Intercontinental Exchange, which owns derivatives trading services and the NYSE, warned that FTX lacked the financial resources to adequately cover its potential losses in the event of a downturn.

Agriculture and commodities trade associations also raised red flags over the potential disruption to market instruments that are used to hedge against losses for crops and physical commodities, arguing that the model deployed by FTX would inevitably be adopted by mainstream institutions. Bankman-Fried has said his company has no plans to extend its margin clearing model into traditional derivative markets such as soybean futures or energy contracts.


FTX is also facing pushback from consumer watchdogs and even other crypto industry executives, who are raising doubts about how FTX would wind down trades when investors can't meet their margin requirements.

“Just because something is written in code doesn't mean it's perfect,” said Raghu Yarlagadda, CEO of the crypto trading platform FalconX, adding that the model needs to be stress-tested for sudden downturns like that which roiled crypto markets over the last two weeks.

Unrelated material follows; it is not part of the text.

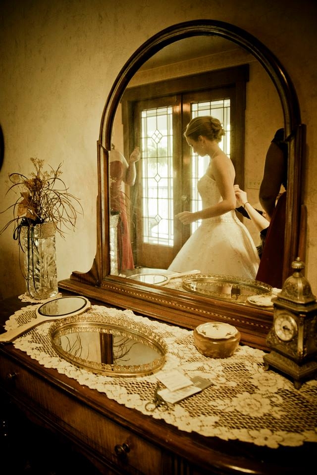 I love looking at everyone's photos! Our wedding was in late October, and we were afraid that the leaves would drop, but they didn't (it was nice not to have bare trees in all of our photos). It was really cold though, so in half of my wedding photos, I'm wearing my jacket...black matches everything, right? The place we got married was an old historical section of town, so our venue had all of this old antiquey stuff, which meant we didn't have to decorate as much (we were on a budget for sure). I also got to wear the petticoat that's been in my family for over 100 years under my dress, and my H's grandmother's pearls.

FTX will need the CFTC's approval to move ahead. Behnam, who has led the agency since January 2021, has said that he and his staff worked with FTX on its “innovative proposal” but that it needs to withstand serious review. The CFTC has invited public comment in addition to the roundtable it is holding this week.

“I have to tell you, Mr. Bankman-Fried, I’m fascinated by this. I think it’s a really interesting idea,” Rep. Sean Patrick Maloney (D-N.Y.), who claims to be "agnostic" on the plan, said at the House hearing on the issue. “You sure got everybody stirred up. And they hate it — they hate this idea.”